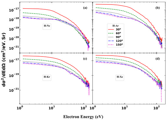 In backward scattering at ejection angles of 120° and 150° (see Figure 10d,e), the DDCSs exhibit the same behavior. The DDCS of Ne(2p) maintains a constant value for energy below around 20 eV. Furthermore, the DDCSs of Ne(2p) and Ar(3p) for energies below around 40 eV are lower than the DDCSs of Kr(4p) and Xe(5p). However, for energies between around 40 eV and 100 eV, the DDCSs of Ne(2p) and Ar(3p) are higher than those of Kr(4p) and Xe(5p).
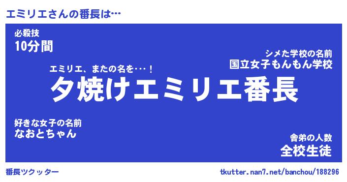 | 意味不明あだ名 | 『ペロリンエミリエ』『永久保存エミリエ』 |
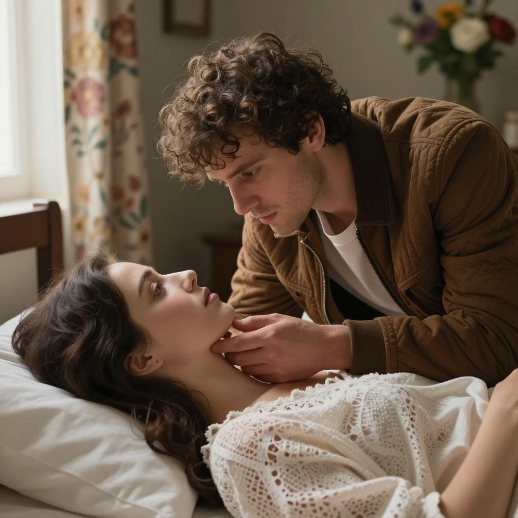 Two people lying on a bed, looking at each other. The woman with dark curly hair and a black shirt lies on the left, looking downward. The man with brown curly hair and a checkered shirt lies on the right, looking upward. Soft lighting, beige pillows in the background.
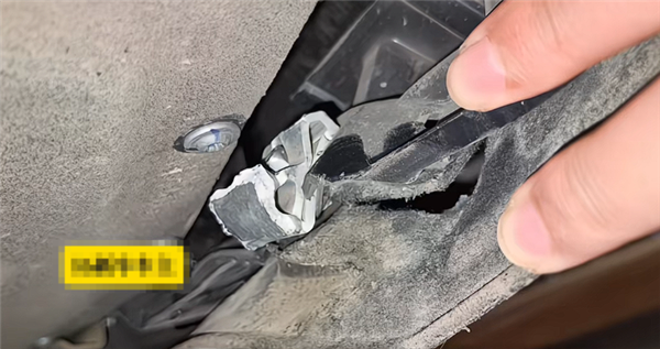 包小可4月17日消息,据博主“汽车人一零”近期爆料,有杭州一电动车车主驾驶刚提一个月的新车 ,在停车场碾压一块地砖时,翘起的地砖磕碰到车辆底盘,导致电池包外壳上一个与轮眉连接的塑料卡扣断裂。
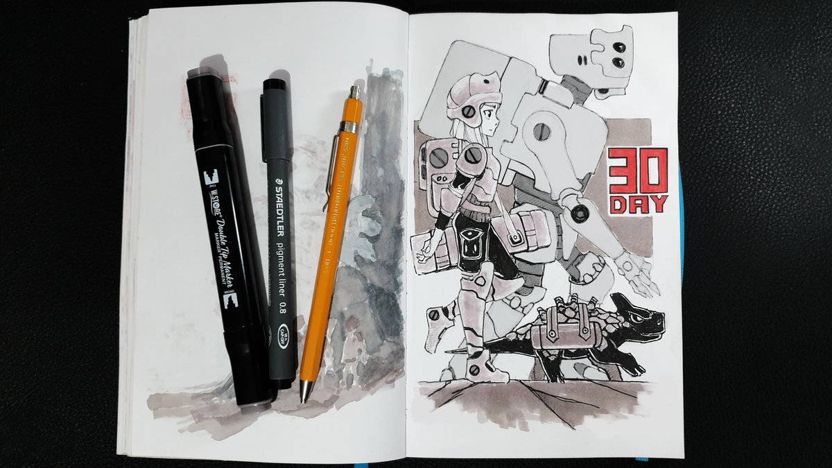 Geared up and ready for action🛄⚙️🤖 #Inktober #inktober2022 #inktober2022day30 #inktobergear #animegirl #AnimeArt #Robot #characterdesign
..........
Exercise directions
Leaving every picture behind, retype the entries above exactly, from the first line through the line with "Two people lying", and stop there.

Written response
 In backward scattering at ejection angles of 120° and 150° (see Figure 10d,e), the DDCSs exhibit the same behavior. The DDCS of Ne(2p) maintains a constant value for energy below around 20 eV. Furthermore, the DDCSs of Ne(2p) and Ar(3p) for energies below around 40 eV are lower than the DDCSs of Kr(4p) and Xe(5p). However, for energies between around 40 eV and 100 eV, the DDCSs of Ne(2p) and Ar(3p) are higher than those of Kr(4p) and Xe(5p).
 | 意味不明あだ名 | 『ペロリンエミリエ』『永久保存エミリエ』 |
 Two people lying on a bed, looking at each other. The woman with dark curly hair and a black shirt lies on the left, looking downward. The man with brown curly hair and a checkered shirt lies on the right, looking upward. Soft lighting, beige pillows in the background.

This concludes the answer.